STINNER Victor <[email protected]> added the comment:
> > It looks like your patch fixes #10829: you should add tests for that, you
> > can just reuse the tests of my patch (attached to #10829).
>
> Sorry, but I think my patch doesn't fix #10829.
Ah ok, so don't add failing tests :-)
> > You should also avoid the creation of a temporary unicode object (it can be
> > slow if precision is large) using PySequence_GetSlice(). Py_UNICODE_COPY()
> > does already truncate the string because you can pass an arbitrary length.
>
> In order to use Py_UNICODE_COPY, I have to create a unicode object with
> required length first.
No you don't. You can copy a substring of the input string with
Py_UNICODE_COPY: just pass a smaller length.
> > With your patch, "%.200s" truncates the input string to 200 *characters*,
> > but I think that it should truncate to 200 *bytes*, as printf does.
>
> Sorry, I don't understand. The result of PyUnicode_FromFormatV() is a unicode
> object. Then how to truncate to 200 *bytes*?

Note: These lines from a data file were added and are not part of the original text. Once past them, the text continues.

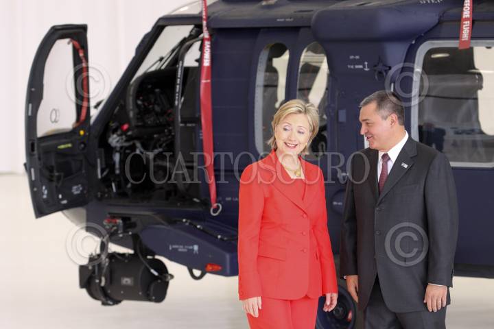 MÉXICO, D.F., 26MARZO2009.- Hillary Clinton, Secretaria de Estado Norteamérica y Genaro García Luna, Secretario de Seguridad Pública Federal, realizaron un recorrido en el Centro de Alto Mando de la Policía Federal, ahí le mostraron a la funcionaria estadounidense los helicópteros Tomahawk que acaban de adquirir para el combate a el crimen organizado. FOTO: MOISÉS PABLO/CUARTOSCURO.COM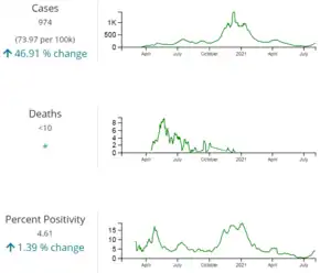 - July 30: The CDC's COVID community transmission map indicates Franklin County has a substantial (orange) incidence of COVID-19 spread.[36]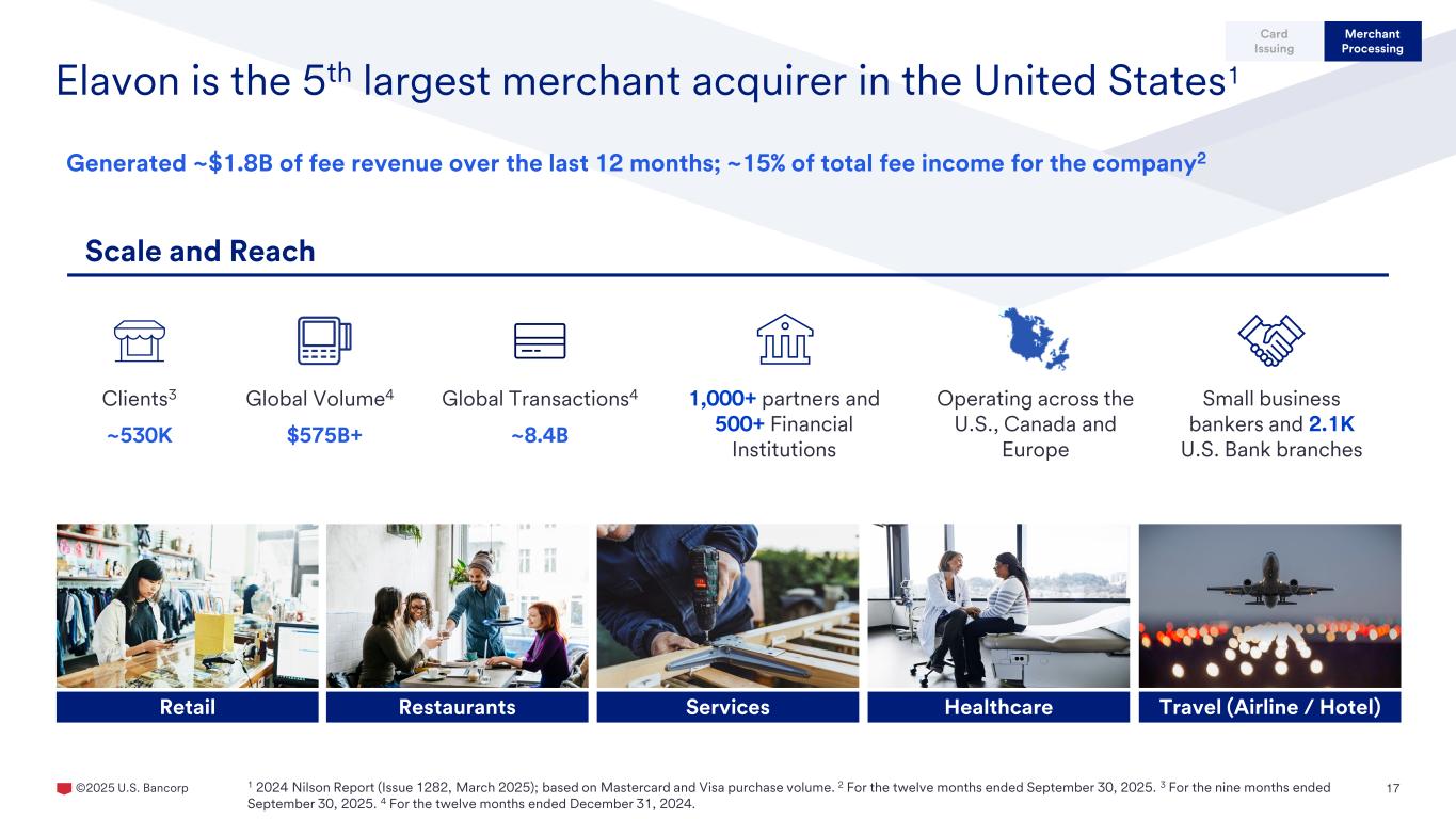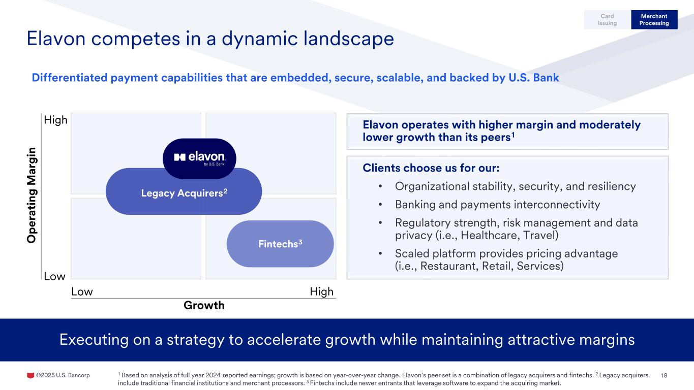 ©2025 美国合众银行 17 Elavon是美国第5大商户收单机构1在过去12个月中产生了约$ 1.8B的手续费收入;约占公司总手续费收入的15% 2小企业银行家和2.1K美国银行分支机构客户3全球交易4Global Volume4 $ 575B +~530K~8.4B在美国、加拿大和欧洲运营1,000 +合作伙伴和500 + 金融机构规模化并达到零售医疗保健旅行(航空公司/酒店)餐厅服务12024 Nilson Report(Issue 1282,March 2025);基于万事达和Visa购买量。2截至2025年9月30日止十二个月。3截至2025年9月30日止九个月。4截至2024年12月31日止十二个月。发卡商户办理

You can truncate the input char* on the call to PyUnicode_DecodeUTF8:
pass a size smaller than strlen(s).
case 's':
{
/* UTF-8 */
const char *s = va_arg(count, const char*);
PyObject *str = PyUnicode_DecodeUTF8(s, strlen(s), "replace");
if (!str)
goto fail;
n += PyUnicode_GET_SIZE(str);
/* Remember the str and switch to the next slot */
*callresult++ = str;
break;
}
I don't know if we should truncate to a number of bytes, or a number of
characters.
> > I don't like this change because I hate having to compute manually strings
> > length. It should that it would be easier if you format directly strings
> > with width and precision at step 3, instead of doing it at step 4: so you
> > can just read the length of the formatted string, and it avoids having to
> > handle width/precision in two steps (which may be inconsistent :-/).
>
> Do you mean combine step 3 and step 4 together? Currently step 3 is just to
> compute the biggest width value and step 4 is to compute exact width and do
> the real format work. Only by doing real format we can get the exact width of
> a string. So I have to compute each width twice in both step 3 and step 4. Is
> combining the two steps in to one a good idea?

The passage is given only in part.